Bite-sized hors d'œuvre

An amuse-bouche (/əˌmuːzˈbuːʃ/; /fr/) or amuse-gueule (/əˌmuːzˈɡɜːl/, /-ˈɡʌl/; /fr/) is a single, bite-sized hors d'œuvre. Amuse-bouches are different from appetizers in that they are not ordered from a menu by patrons but are served free and according to the chef's selection alone. These are served both to prepare the guest for the meal and to offer a glimpse of the chef's style.

The term is French and literally means "mouth amuser". The plural form may be amuse-bouche or amuse-bouches.
In France, amuse-gueule is traditionally used in conversation and literary writing, while amuse-bouche is not even listed in most dictionaries, being a euphemistic hypercorrection that appeared in the 1980s on restaurant menus and used almost only there, although in the anglosphere, it is an abstract expression for any kind of luxurious exploit of decadence. (In French, bouche refers to the human mouth, while gueule means the wider mouth of an animal, e.g. dog, though commonly used for mouth and derogatory only in certain expressions, e.g. "ferme ta gueule".)

==In restaurants==
The amuse-bouche emerged as an identifiable course during the nouvelle cuisine movement, which emphasized smaller, more intensely flavoured courses. It differs from other hors d'œuvres in that it is small, usually just one or two bites, preselected by the chef and offered free of charge to all present at the table.

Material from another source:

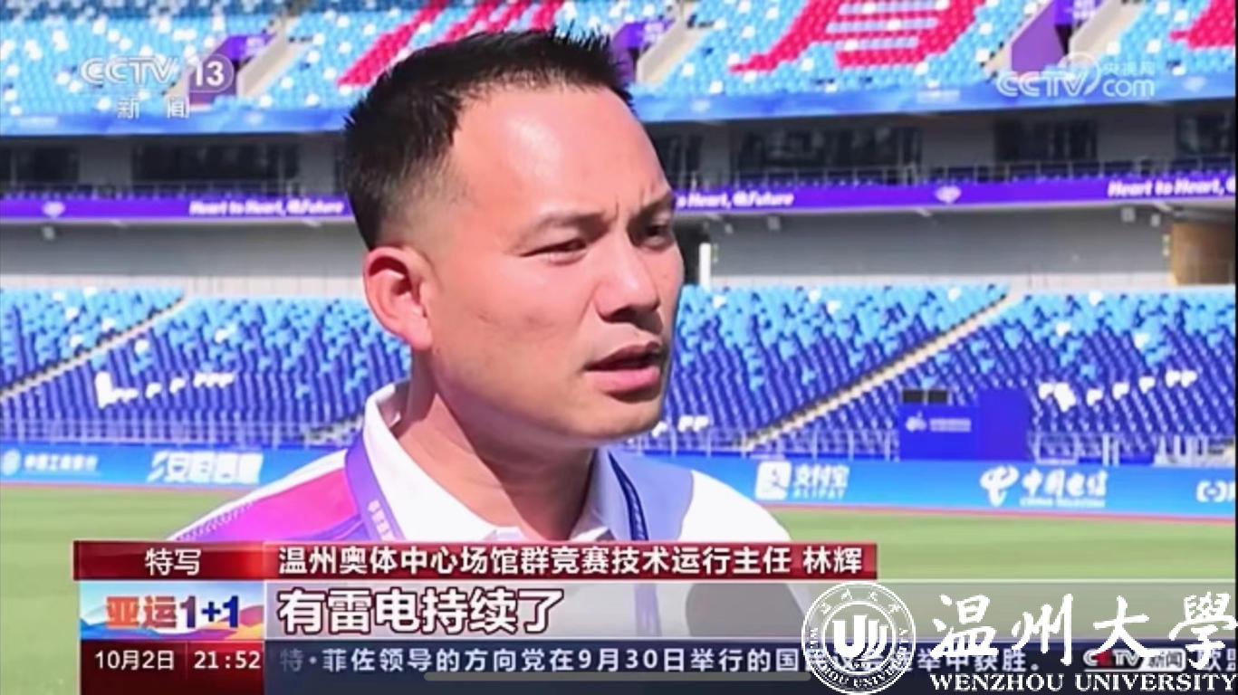 10月2日,温州奥体中心场馆群竞赛技术运行主任、日本色情片 体育与健康学院副教授林辉老师在温州奥体中心接受央视“亚运1+1”栏目的专访,解答杭州亚运会女子足球1/4决赛比赛过程中因暴雨雷电天气中断的应急预案。
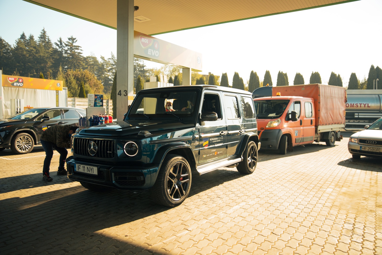 Ne-am regrupat la una dintre stațiile Mol România din Târgu Mureș cu echipajul care astăzi a condus Mercedes-AMG G63. Ne-am bucurat că de pe scaunele din spate ale modelului german au coborât și colegii care au fost implicați în accident. Am alimentat rapid, am spălat mașinile și am pornit către destinația finală: Castel Haller.

The function of the amuse-bouche could be played by rather simple offerings, such as a plate of olives or a crock of tapenade. It often becomes a showcase, however, of the artistry and showmanship of the chef, intensified by the competition among restaurants. According to Jean-Georges Vongerichten, a popular New York celebrity chef with restaurants around the world, "The amuse-bouche is the best way for a great chef to express his or her big ideas in small bites".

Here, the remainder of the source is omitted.